Polarization peaks when the jet core becomes visible.

Elongated images with high aspect ratios indicate off-axis jets.

Quasi-spherical flows produce circular images with low polarization.

Abstract

The X-ray to radio afterglow emission of GRB 170817A/GW 170817 so far scales as $F_\nu\propto\nu^{-0.6}t^{0.8}$ with observed frequency and time, consistent with a single power-law segment of the synchrotron spectrum from the external shock going into the ambient medium. This requires the effective isotropic equivalent afterglow shock energy in the visible region to increase as $\sim t^{1.7}$. The two main channels for such an energy increase are (i) \emph{radial}: more energy carried by slower material (in the visible region) gradually catches up with the afterglow shock and energizes it, and (ii) \emph{angular}: more energy in relativistic outflow moving at different angles to our line of sight, whose radiation is initially beamed away from us but its beaming cone gradually reaches our line of sight as it decelerates. One cannot distinguish between these explanations (or combinations of them) using only the X-ray to radio $F_\nu(t)$. Here we demonstrate that the most promising way to break this degeneracy is through afterglow imaging and polarization, by calculating the predicted evolution of the afterglow image (its size, shape and flux centroid) and linear polarization $\Pi(t)$ for different angular and/or radial outflow structures that fit $F_\nu(t)$. We consider two angular profiles -- a Gaussian and a narrow core with power-law wings in energy per solid angle, as well as a (cocoon motivated) (quasi-) spherical flow with radial velocity profile.
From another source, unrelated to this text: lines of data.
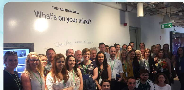
Representatives from over 40 members of Newry Chamber in attendance during our study visit to Facebook's European Headquarters in Dublin.

This year, our main company visit was to the European HQ of Facebook in Dublin. We were delighted to be joined by representatives from over 40 of our members who were provided with the unique opportunity to ask in-house experts with questions specifically related to their respective businesses.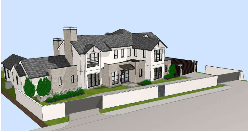
Front Yard View

BIMbaud - designshopdallas - BIMbaud Software as a Service/Libraries/Design Shop Projects/6452 Walnut Hill - 02-11-26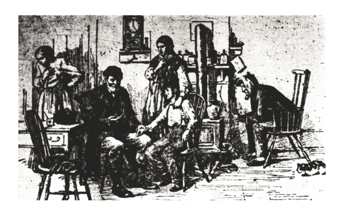
Figure 5. "We've got that durned influenzy agin" by A.B. Frost, Kansas City Star, November 27, 1918

For a jet viewed off-axis (and a magnetic field produced in the afterglow shock) $\Pi(t)$ peaks when the jet's core becomes visible, at $\approx2t_p$ where the lightcurve peaks at $t_p$, and the image can be elongated with aspect ratios$\;\gtrsim2$. A quasi-spherical flow has an almost circular image and a much lower $\Pi(t)$ (peaking at $\approx t_p$) and flux centroid displacement.